Father Storey wakes from his coma and reveals that Carol engineered Harold Cross's death. Before Harper can act, Michael Lindqvist Jr., a Lookout who is secretly Carol's lover and enforcer, ambushes them. Michael confesses to smuggling Harold out of camp, summoning the Cremation Crew that killed him, and bashing in Father Storey's skull. He murders Father Storey, frames Harper and John, and manipulates Carol into calling a public tribunal. The Mazz betrays the conspiracy, and the congregation begins to stone the Fireman.

The Cremation Crew attacks the camp before John can be killed, led there by a maimed survivor of the ambulance raid. Jakob crashes his Freightliner through the chapel while the militia opens fire. Nick unleashes devastating fire powers. Ben redeems himself by rescuing the injured Nick before being shot dead. Carol leads the trapped congregation in a final hymn that triggers mass spontaneous combustion, and the worshippers burn together. Gilbert Cline drives a fire truck into the battle, allowing the survivors to escape, though he is killed. The Fireman disappears into the smoke.
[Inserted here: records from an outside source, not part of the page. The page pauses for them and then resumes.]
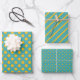 Feuille De Papier Cadeau Teal With Yellow Messy Stripes & Messy Polka Dots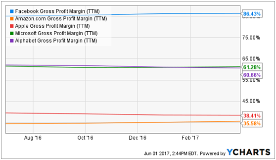 通过对业务的分析,市场地位的评判,这些因素就造就五巨头不同的利润状况。下图为五家公司的毛利率情况,可以明显地看出Facebook拥有绝对的优势,而亚马逊则排在最后。通过五家公司的排名可以得出,前三名的Facebook、Google和微软主要是软件公司,而亚马逊和苹果则以硬件为主。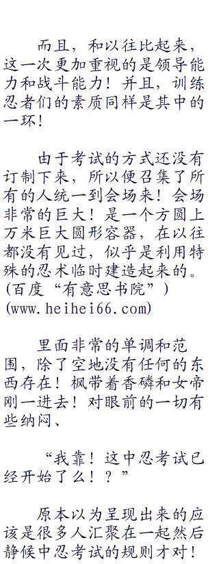 这一次的中忍考试和原著当中的并不相同,原著当中是先是笔试,然后在实战,而这一次不同,会有全新的规则和方式、

The survivors regroup in a cemetery building. Using a hidden cell phone, Harper discovers a website advertising refuge on Free Wolf Island, Maine, with recordings from television host Martha Quinn. Don Lewiston, who escaped camp earlier on the sailboat Bobbi Shaw, is spotted offshore. They disguise the fire truck and cross a bridge checkpoint into Maine. Jakob's Freightliner catches up, and the truck goes over a collapsed overpass. Sarah Storey's surviving consciousness emerges from the coals as fire, kills Jakob, and briefly reunites with her children before dissolving. Harper's water breaks.

Allie drags the injured John on a makeshift stretcher while Harper walks alongside at nine months pregnant. Orange-marked waypoints provide food and medicine left by healthy residents. When they reach Machias, an intake worker named Jim loads them onto a fishing trawler. At sea, Jim reveals the truth: The government destroyed Free Wolf Island months ago, the broadcasts are recordings on a loop, and the food was drugged. The operation exists to drown the infected. Jim shoots John in the stomach.

Despite his mortal wound, John generates one final Phoenix that destroys the boat. Harper, Allie, Nick, and a drugged Renée are thrown into the freezing Atlantic in life vests. Harper sings to activate the Dragonscale's warming properties, and the four glow together, their body heat keeping them alive. Don arrives on the Bobbi Shaw, having discovered the island was a ruin. Harper delivers a baby girl on the deck at sunrise. The infant's eyes are bright rings of gold, confirming she carries Dragonscale. Harper names her Ashley Rookwood. Don tells them about An Tra on Inisheer, an island off the coast of Ireland, where 8,000 infected people live with government support. The novel ends as they set sail across the Atlantic with the sunrise behind them.